1. Mental Impairments
In addressing Plaintiff's depression, the ALJ noted that:
The claimant's medically determinable mental impairment of depression does not cause more than minimal limitation in the claimant's ability to perform basic mental work activities and is
therefore nonsevere. Treatment notes in February 2016 show the claimant complained of depression and anxiety caused by biopsychological stressors (Exhibit 3F, p. 5). In a mental status examination, the claimant appeared to be concerned, down, and anxious with impaired memory and concentration (Exhibit SF, p. 20). In a subsequent treatment note, the claimant's treating doctor noted the claimant was within normal limits with improved insight into psychological factors (Exhibit 6F, p. 6). No aggressive treatment was recommended or anticipated for this condition. Accordingly, the undersigned finds the claimant's medically determinable impairment of depression is nonsevere.AR 18.
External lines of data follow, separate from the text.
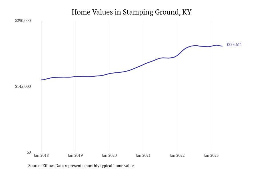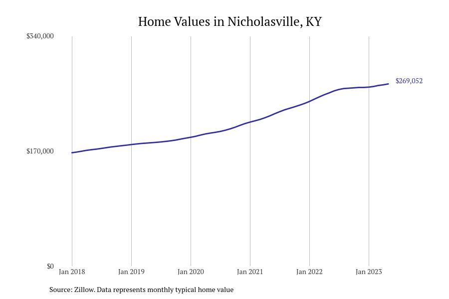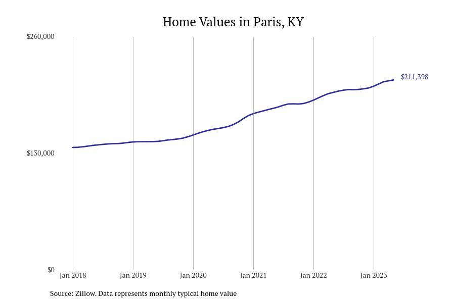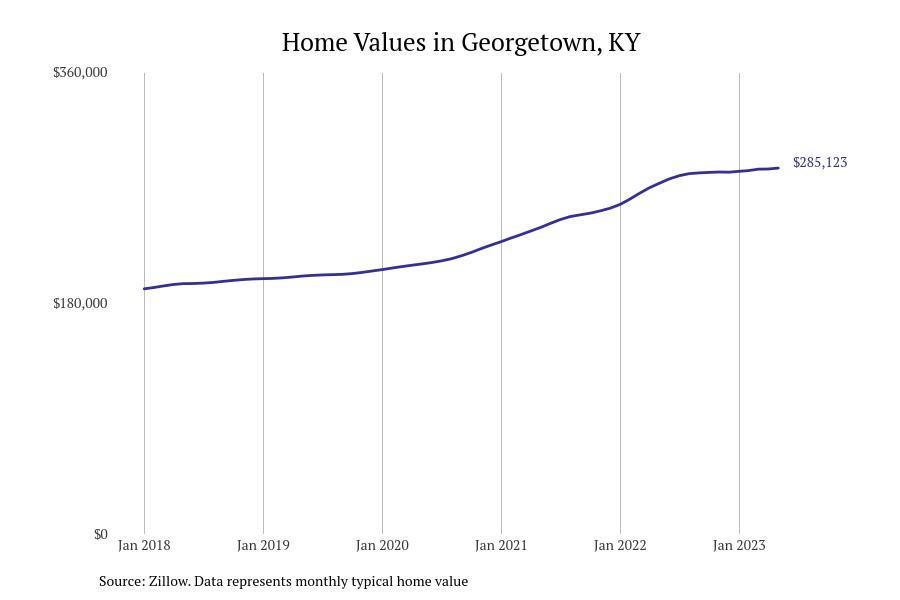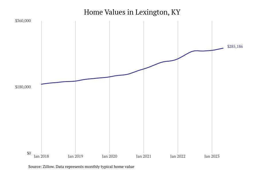 Stacker compiled a list of cities with the fastest-growing home prices in the Lexington-Fayette, KY metro area using data from Zillow. Cities are ranked by 1-year price change as of May 2023. The typical home value in the United States increased over the last year by 0.9% to $346,856. All 10 cities and towns with data available were included in the list.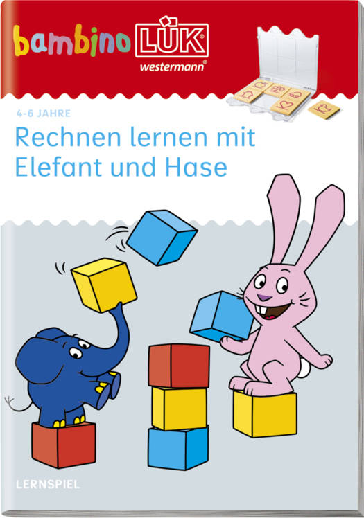 Das bambinoLÜK-Übungsheft "Rechnen lernen mit Elefant und Hase" richtet sich an kleine Rechenmeister, die die Ziffern im Zahlenraum bis 10 bereits kennen. Gemeinsam mit den WDR-Helden Elefant und Hase können sie Bauklötze, Murmeln, Finger zusammenzählen, Luftballons fliegen lassen, Bonbons essen und vieles mehr. Die einfachen Rechnungen werden durch kindgerechte Illustrationen bildlich dargestellt, um ein erstes mathematisches Verständnis zu schaffen.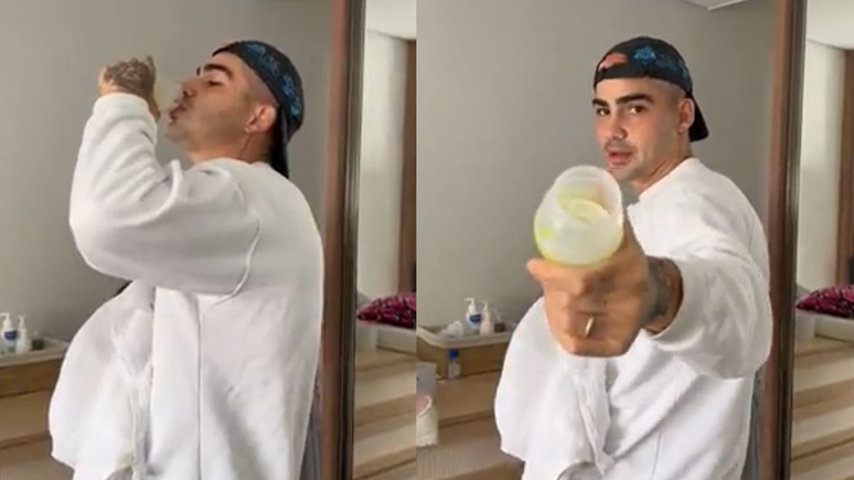 Caio Cabral prova leite materno da esposa e divide opiniões dos seguidores: 'Nojento'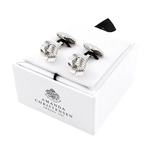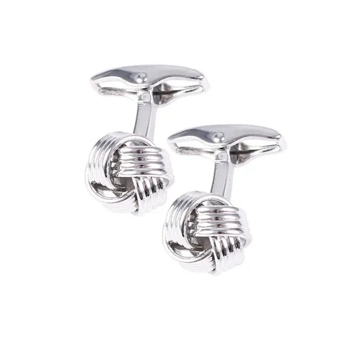 Cufflinks in nickel-free brass featuring an elegant knot motif – a stylish detail that adds a refined touch to any dress shirt. The polished silver-tone finish and three-dimensional design create a sophisticated look suitable for both business wear and formal occasions. The knot symbolizes timeless craftsmanship and classic style. Made from durable, nickel-free material for all-day comfort. A perfect choice for weddings, dinners, and ceremonial events – or as a tasteful gift for the style-conscious gentleman. Delivered in a practical gift box. Easy to coordinate with a tie, bow tie, or pocket square for a complete look.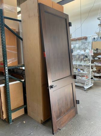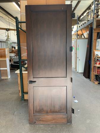 This is a solid core wood interior door, featuring a two-panel design with a modern dark espresso stain. It includes hinges and a lever handle. The door shows some cosmetic wear at the base and edges consistent with prior use, but remains structurally solid and in good working order. Its tall profile and solid construction make it suitable for upscale residential or office spaces.
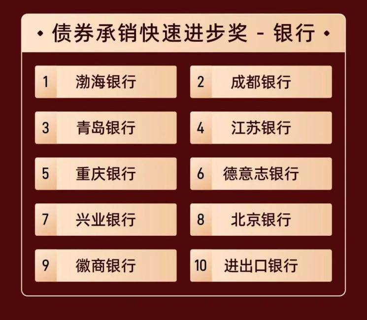 渤海银行本次奖项的获得,既体现了市场主流机构对该行债券承销能力的肯定,也是对其深耕实体经济融资、持续创新竞进的认可。展望未来,渤海银行将始终围绕党中央关于金融工作的各项决策部署,牢牢把握金融工作的政治性、人民性,踏实奋进,创新作为,为做好金融“五篇大文章”、服务经济高质量发展贡献“渤海力量”! 金融界资讯
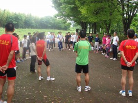 練習メニューは「ふれあいの森」が"走る男F 東日本大震災チャリティジョギング大会"のランニングコースとして使用される為、練習場所を「冒険の森」にて競走部、ランニング部、ジョギング部、合同で練習を行いました。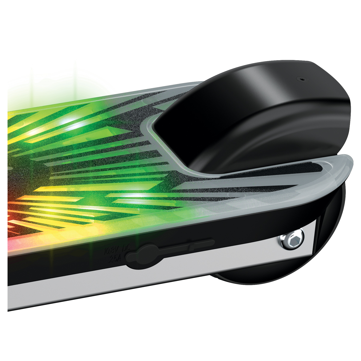 - Glide along in colorful style with a 3 mode, multi-colored LED light-up deck and front wheel.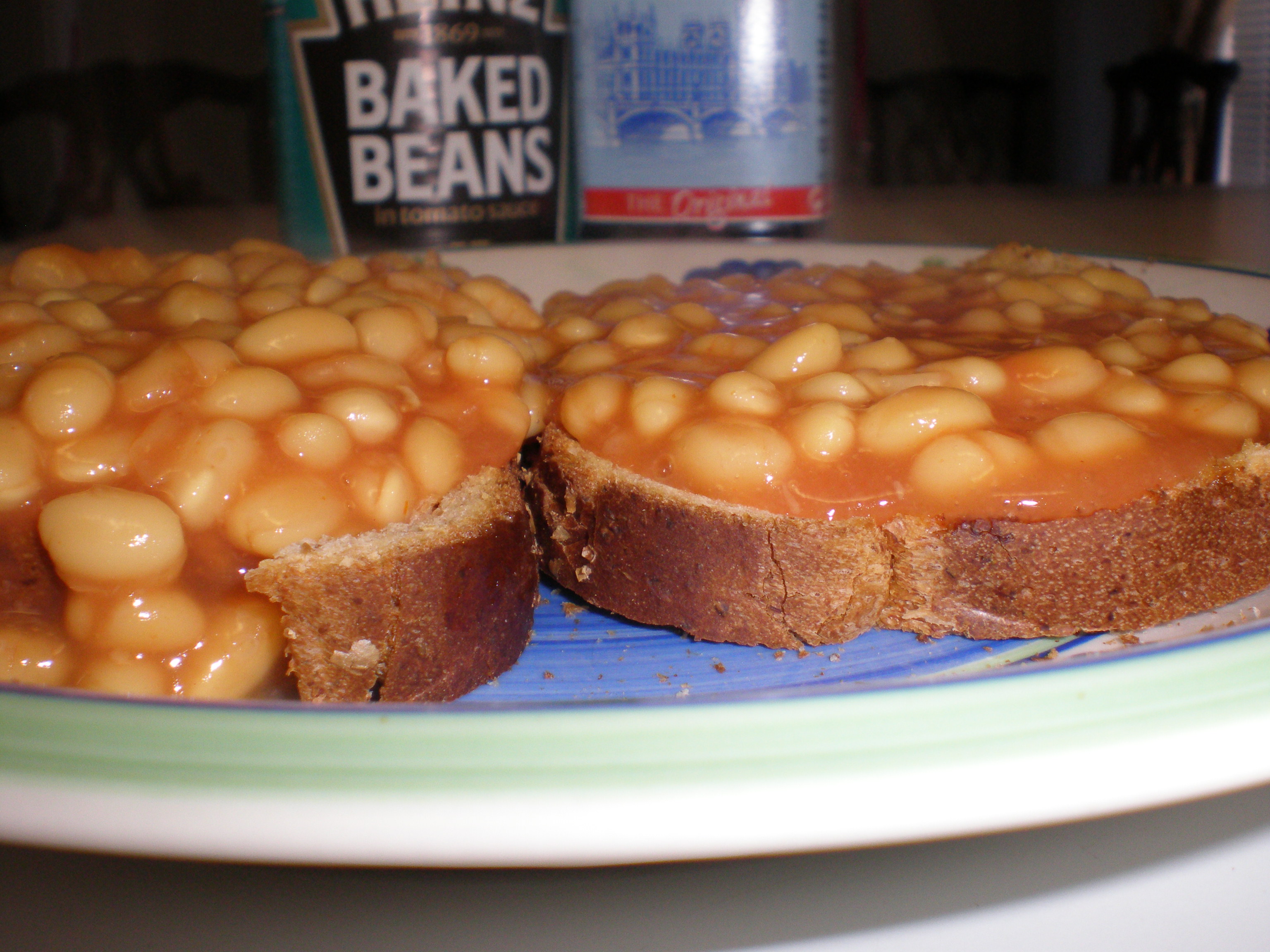 2 slices bread (white is traditional, but I use low-carb rye) 1 (220 g) can of heinz baked beans in tomato sauce (both products come in a blue can, DO NOT USE AMERICAN Pork & Beans or "Bush's Beans" etc. ONLY Heinz) Worcestershire sauce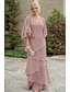 Linha A Traje de 3 peças Terno-calça Longo Vestido Para Mãe dos Noivos Sem Manga Manga Longa Com Alças Finas Elegante Formal Convidado do casamento Chiffon Renda de Cordão Embrulho incluido com Renda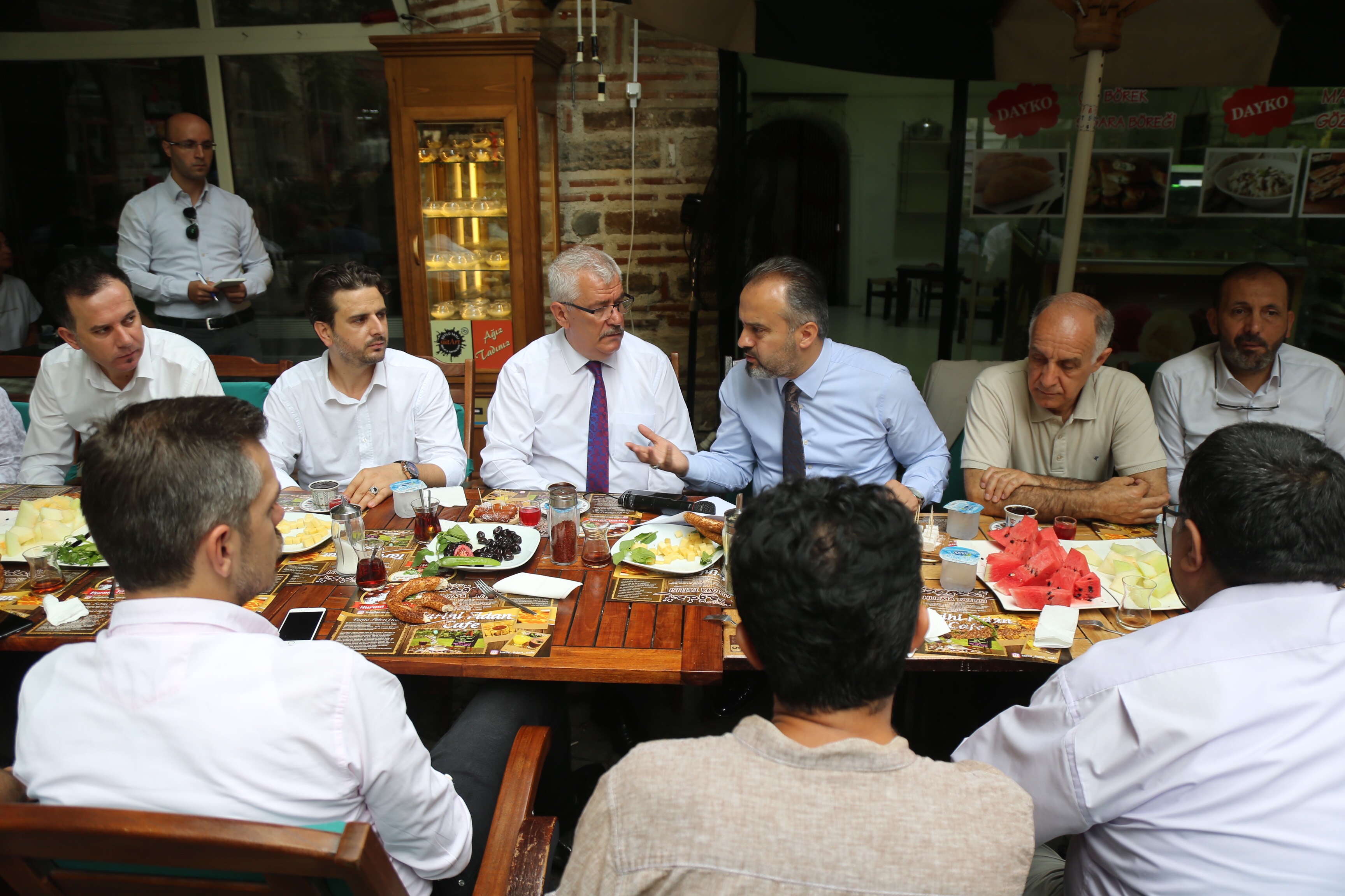 BURSA - Bursa'nın sosyal, ticari ve insani ilişkilerinin en yoğun yaşandığı Tarihi Çarşı ve Hanlar Bölgesi'nde esnaf dernekleri temsilcileriyle bir araya gelen Büyükşehir Belediye Başkanı Alinur Aktaş, fiziki iyileştirmelerin yanında tarihi çarşılar bölgesinin ülke ve dünya genelinde iyi tanıtılması gerektiğini söyledi.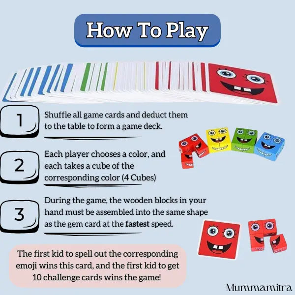 Get ready for endless fun! Start by shuffling the game cards and choosing your color. Each player receives a set of four blocks, then races to match the face on the game card as fast as possible! The first to collect 10 challenge cards wins! WonderFaces™ is perfect for building speed, focus, and creative thinking in a fun and interactive way. Let the face-changing fun begin!"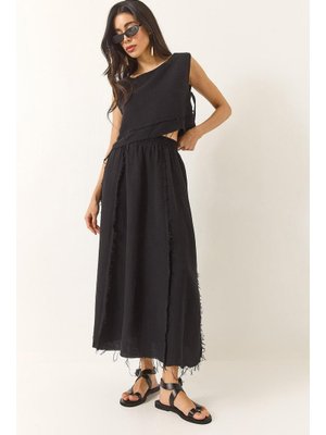 Bianco Lucci Siyah Beli Lastikli Etek Yandan Bağlama Detaylı Crop Müslin Alt Üst Takım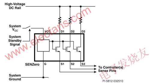 在(zai)消(xiao)除(chu)市(shi)電(dian)輸(shu)入(ru)的(de)電(dian)流(liu)消(xiao)耗(hao)之(zhi)後(hou),接(jie)下(xia)來(lai)需(xu)要(yao)消(xiao)除(chu)電(dian)路(lu)中(zhong)的(de)那(na)些(xie)即(ji)使(shi)在(zai)待(dai)機(ji)狀(zhuang)態(tai)下(xia)也(ye)會(hui)連(lian)續(xu)消(xiao)耗(hao)功(gong)率(lv)的(de)其(qi)他(ta)元(yuan)件(jian)的(de)電(dian)流(liu)消(xiao)耗(hao)。在(zai)較(jiao)高(gao)功(gong)率(lv)應(ying)用(yong)中(zhong),在(zai)高(gao)壓(ya)母(mu)線(xian)與(yu)功(gong)率(lv)因(yin)數(shu)校(xiao)正(zheng)(PFC)和DC/DC轉換器的電源控製器之間可能存在多條信號通路。例如包括PFC係統中連接升壓控製器的前饋或反饋信號通路,以及雙開關正向/LLC/半橋和全橋轉換器中的前饋信號通路。PI的第二款新產品是SENZero,它可以在不需要這些信號通路時將它們隔離,從而消除不必要的功率損耗。SENZero的典型應用如圖4所示。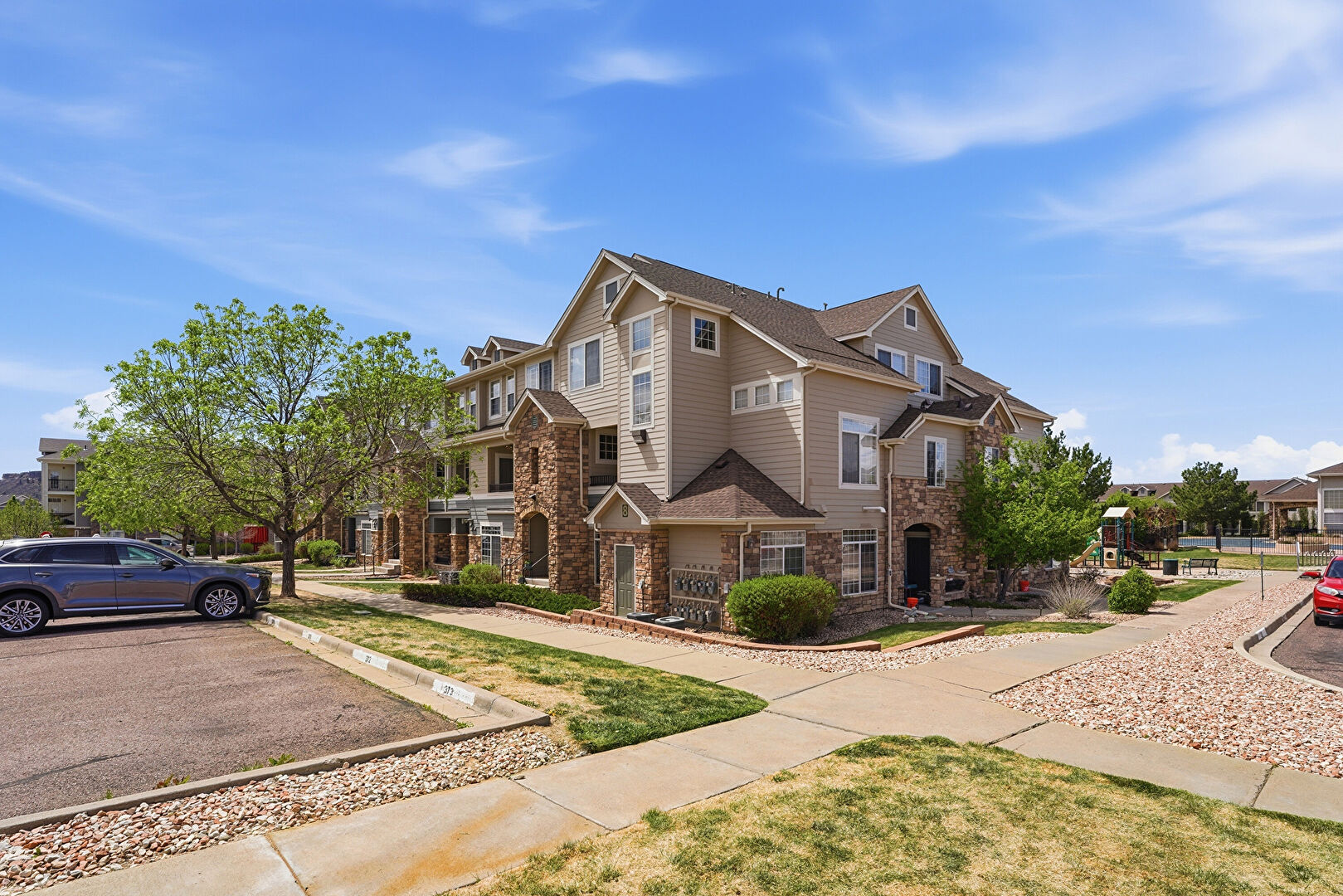 Central Ac, Downspout, Gutters, Horizontal Siding, Parking Lot, Playground, Stone Siding, Lawn, Parking Lot

Plaintiff argues the ALJ's step two finding was highly prejudicial because he "did not include any potential psychiatric limitations such as the limitation to unskilled or low stress work into the Residual Functional Capacity (RFC) evaluation." Pl.'s Mot. at 10. She notes the record reflects that Dr. Majid found her mental status exam was within normal limits, "except for mood," and her insight was "impaired" but improved, id. at 9 (citing AR 449), and that her own function report advised that she had a "hard time concentrating" and was not sure how long she could pay attention and did not finish what she started, id. at 9-10 (citing AR 184-90). She argues: "When reviewed in its entirety, this report did not contain substantial evidence to support the ALJ's Step Two findings regarding [her] medically determinable impairment of depression." Id. at 10. Plaintiff further argues that even without a finding of severity at step two, it was legal error for the ALJ not to include even the mild limitations that he found as part of the RFC analysis at step 4. Had such limitations been included, "they would have ruled out all of [her] past relevant skilled and semi-skilled work, and the ALJ would have been required to proceed to step five of the sequential process." Id.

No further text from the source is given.